→ **EXCERPTED DATA**
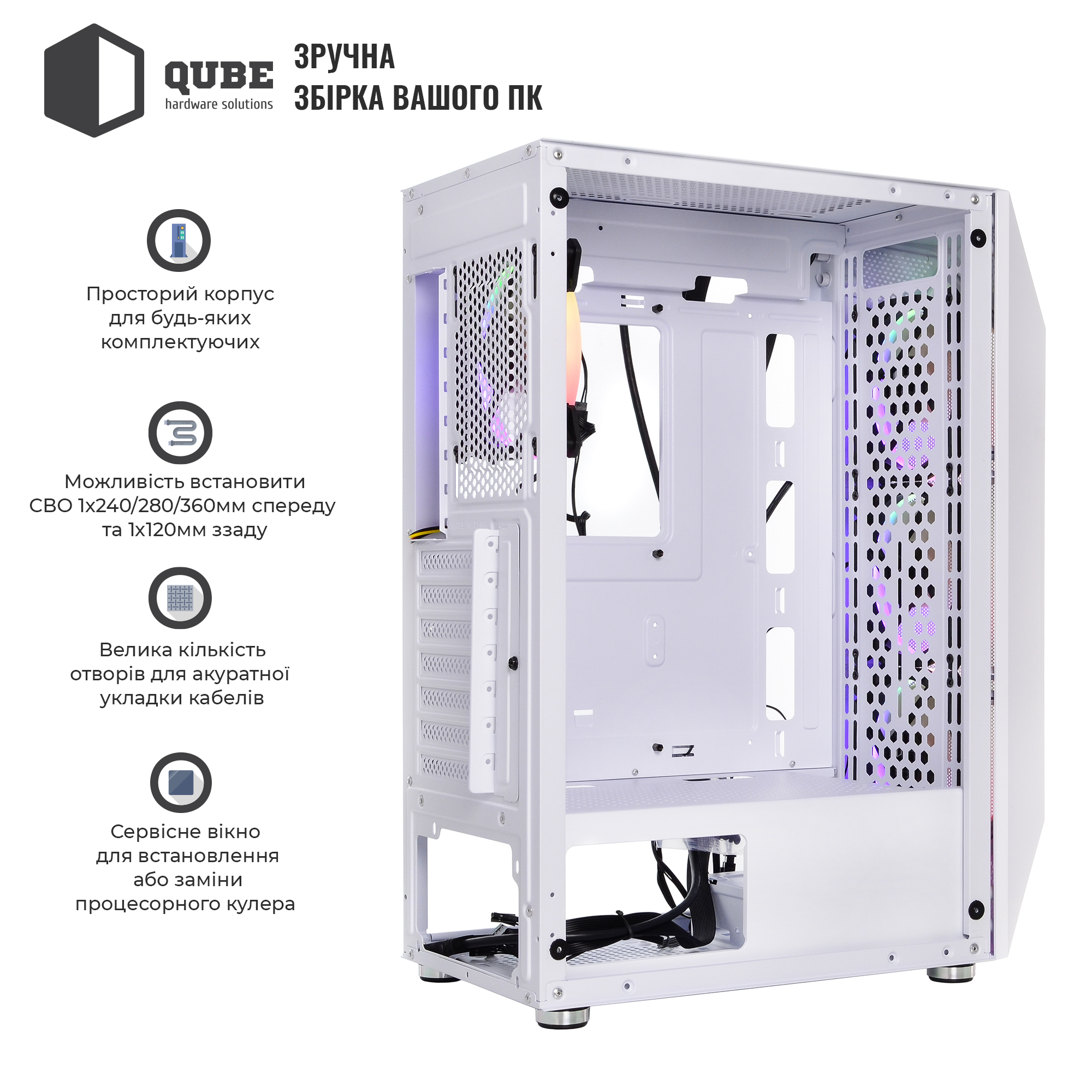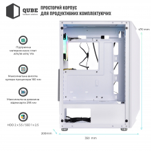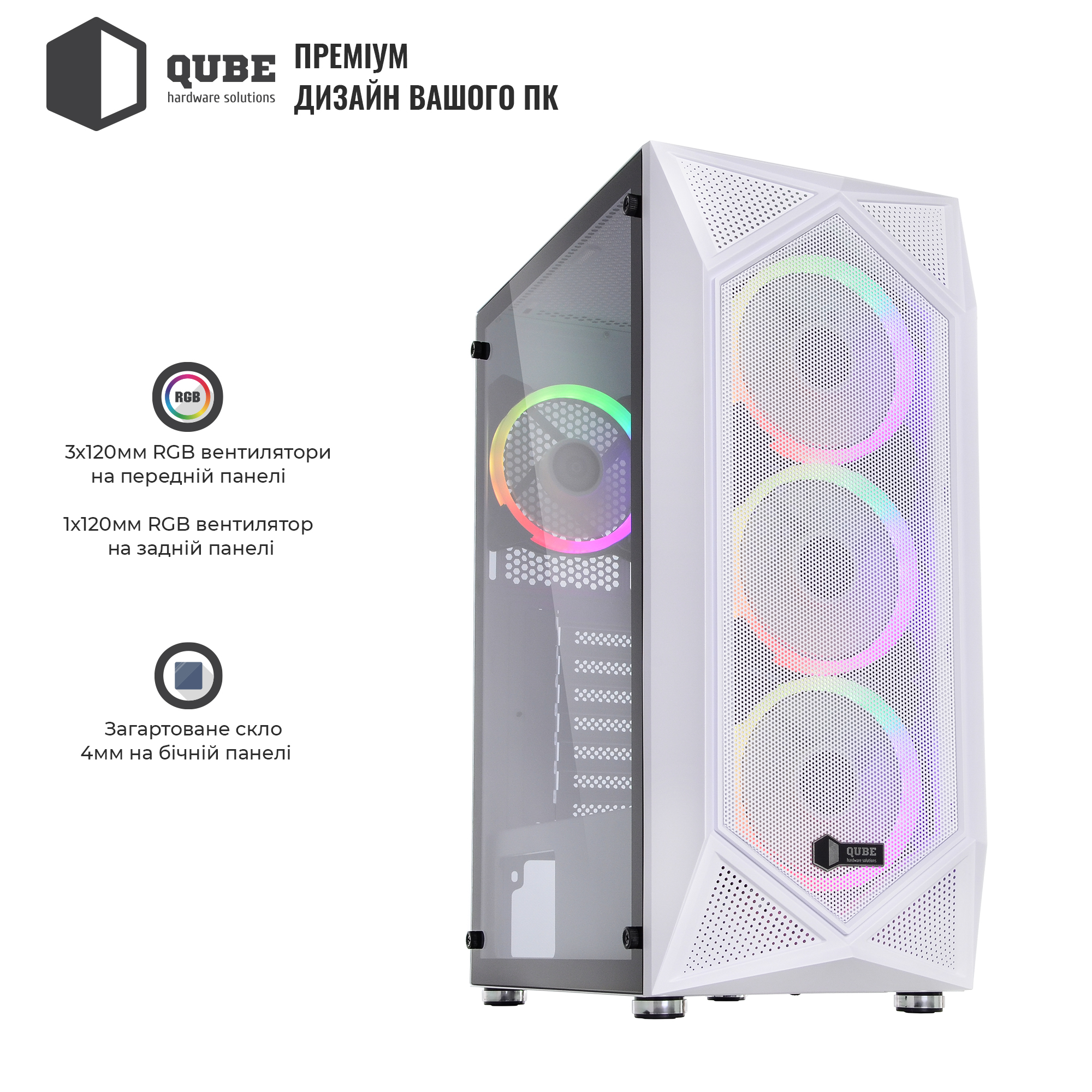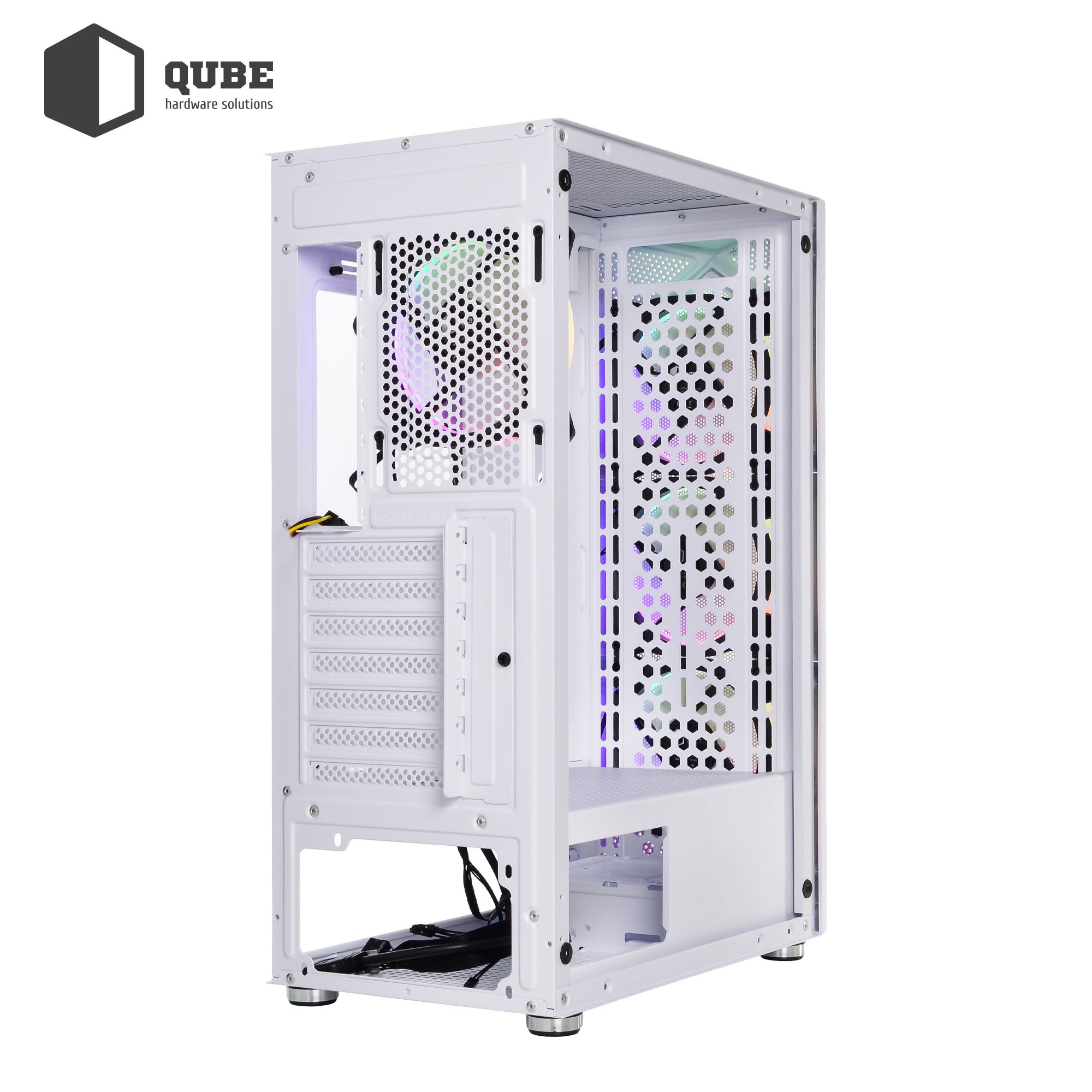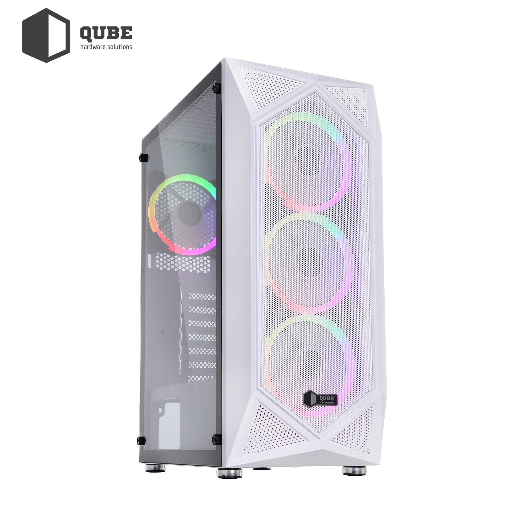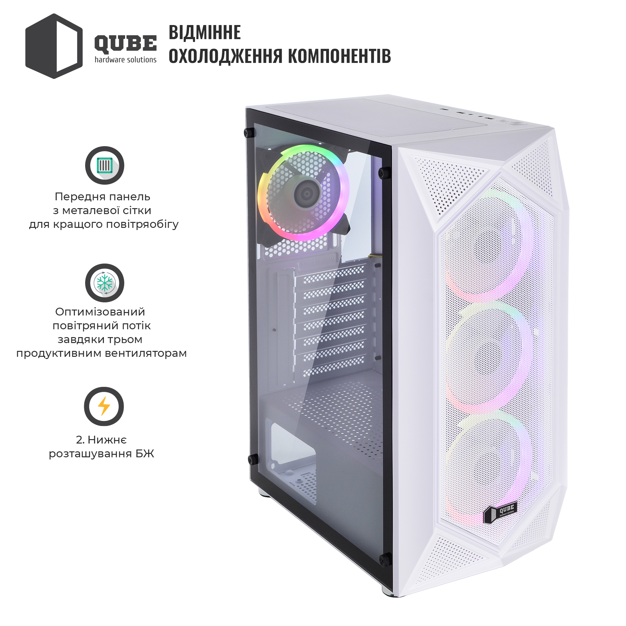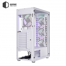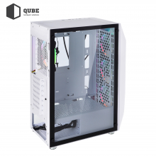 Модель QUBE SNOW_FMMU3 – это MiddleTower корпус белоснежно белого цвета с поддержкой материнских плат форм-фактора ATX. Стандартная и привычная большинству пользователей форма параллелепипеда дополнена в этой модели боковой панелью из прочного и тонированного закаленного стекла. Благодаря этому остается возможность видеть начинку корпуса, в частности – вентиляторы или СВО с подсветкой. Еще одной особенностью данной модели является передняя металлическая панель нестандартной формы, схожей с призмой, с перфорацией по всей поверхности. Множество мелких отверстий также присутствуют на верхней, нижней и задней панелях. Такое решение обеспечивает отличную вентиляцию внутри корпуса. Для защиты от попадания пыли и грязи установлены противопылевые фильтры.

* * *

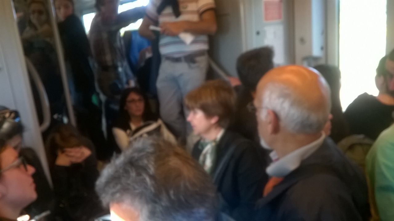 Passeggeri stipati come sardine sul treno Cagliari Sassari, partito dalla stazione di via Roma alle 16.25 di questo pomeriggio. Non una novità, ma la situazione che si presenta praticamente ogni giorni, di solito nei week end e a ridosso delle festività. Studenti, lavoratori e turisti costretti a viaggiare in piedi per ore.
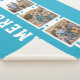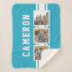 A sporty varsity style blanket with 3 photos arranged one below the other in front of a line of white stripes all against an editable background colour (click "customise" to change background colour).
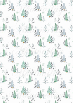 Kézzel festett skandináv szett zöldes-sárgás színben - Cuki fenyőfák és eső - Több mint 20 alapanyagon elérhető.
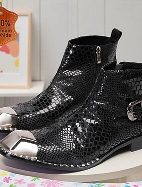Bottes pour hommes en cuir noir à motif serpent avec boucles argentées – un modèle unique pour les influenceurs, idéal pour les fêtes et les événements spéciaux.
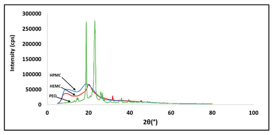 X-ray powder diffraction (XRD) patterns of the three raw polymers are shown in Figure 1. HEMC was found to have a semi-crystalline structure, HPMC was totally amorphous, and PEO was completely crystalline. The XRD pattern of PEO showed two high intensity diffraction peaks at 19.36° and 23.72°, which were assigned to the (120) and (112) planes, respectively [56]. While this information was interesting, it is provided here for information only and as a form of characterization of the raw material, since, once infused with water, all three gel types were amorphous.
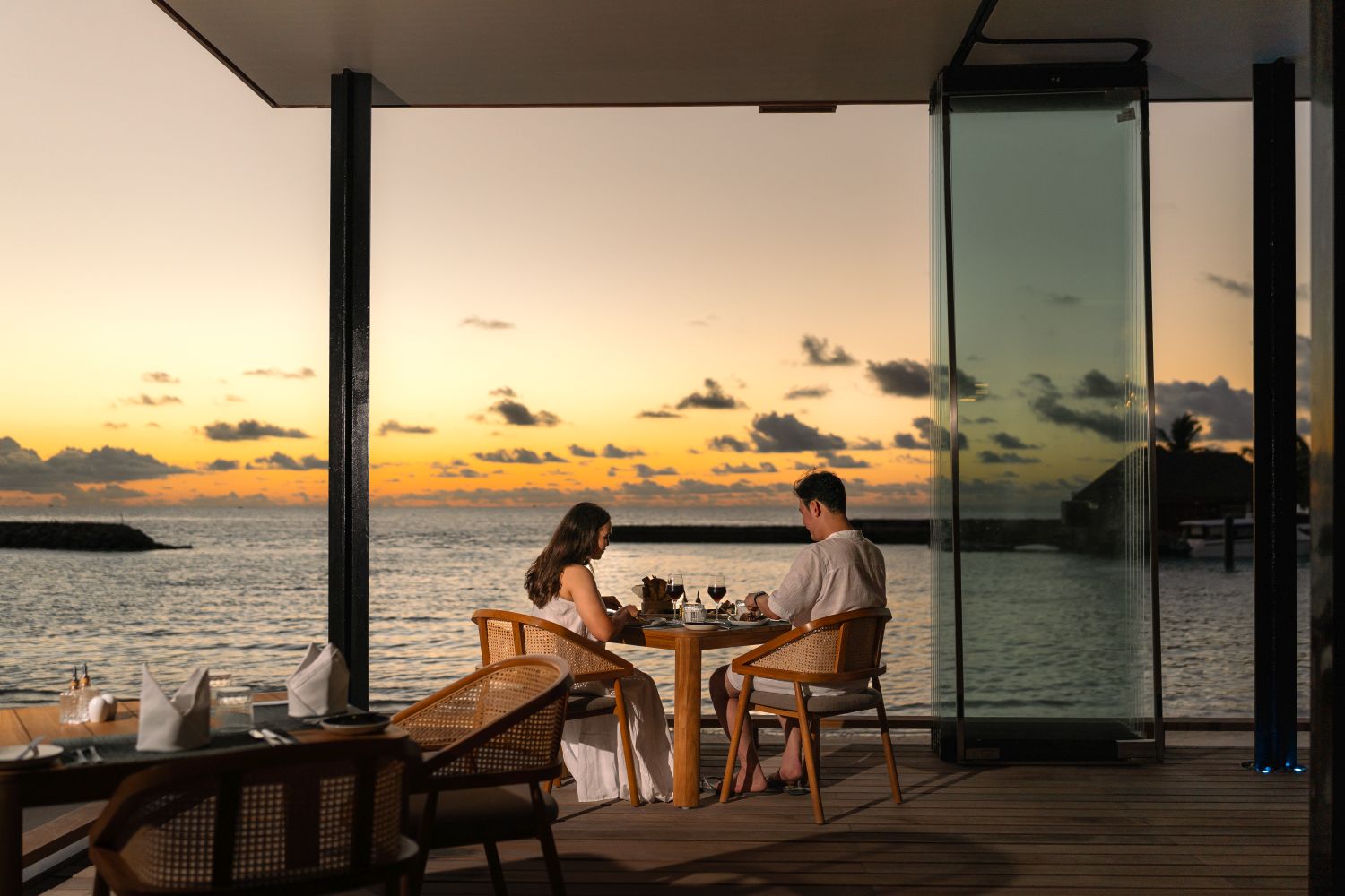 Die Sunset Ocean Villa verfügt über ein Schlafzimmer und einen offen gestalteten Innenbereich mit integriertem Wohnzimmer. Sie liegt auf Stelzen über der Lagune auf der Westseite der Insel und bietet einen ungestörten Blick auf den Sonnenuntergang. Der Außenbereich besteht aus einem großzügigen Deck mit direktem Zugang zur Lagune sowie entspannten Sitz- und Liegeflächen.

→ **PROBLEM TO SOLVE**
Working from the entries above, please transcribe only the lines from the line with "Passeggeri stipati come" through the line with "Die Sunset Ocean", exactly, with both end lines and without pictures.

→ **SOLUTION FOR THIS PROBLEM**
 Passeggeri stipati come sardine sul treno Cagliari Sassari, partito dalla stazione di via Roma alle 16.25 di questo pomeriggio. Non una novità, ma la situazione che si presenta praticamente ogni giorni, di solito nei week end e a ridosso delle festività. Studenti, lavoratori e turisti costretti a viaggiare in piedi per ore.
 A sporty varsity style blanket with 3 photos arranged one below the other in front of a line of white stripes all against an editable background colour (click "customise" to change background colour).
 Kézzel festett skandináv szett zöldes-sárgás színben - Cuki fenyőfák és eső - Több mint 20 alapanyagon elérhető.
Bottes pour hommes en cuir noir à motif serpent avec boucles argentées – un modèle unique pour les influenceurs, idéal pour les fêtes et les événements spéciaux.
 X-ray powder diffraction (XRD) patterns of the three raw polymers are shown in Figure 1. HEMC was found to have a semi-crystalline structure, HPMC was totally amorphous, and PEO was completely crystalline. The XRD pattern of PEO showed two high intensity diffraction peaks at 19.36° and 23.72°, which were assigned to the (120) and (112) planes, respectively [56]. While this information was interesting, it is provided here for information only and as a form of characterization of the raw material, since, once infused with water, all three gel types were amorphous.
 Die Sunset Ocean Villa verfügt über ein Schlafzimmer und einen offen gestalteten Innenbereich mit integriertem Wohnzimmer. Sie liegt auf Stelzen über der Lagune auf der Westseite der Insel und bietet einen ungestörten Blick auf den Sonnenuntergang. Der Außenbereich besteht aus einem großzügigen Deck mit direktem Zugang zur Lagune sowie entspannten Sitz- und Liegeflächen.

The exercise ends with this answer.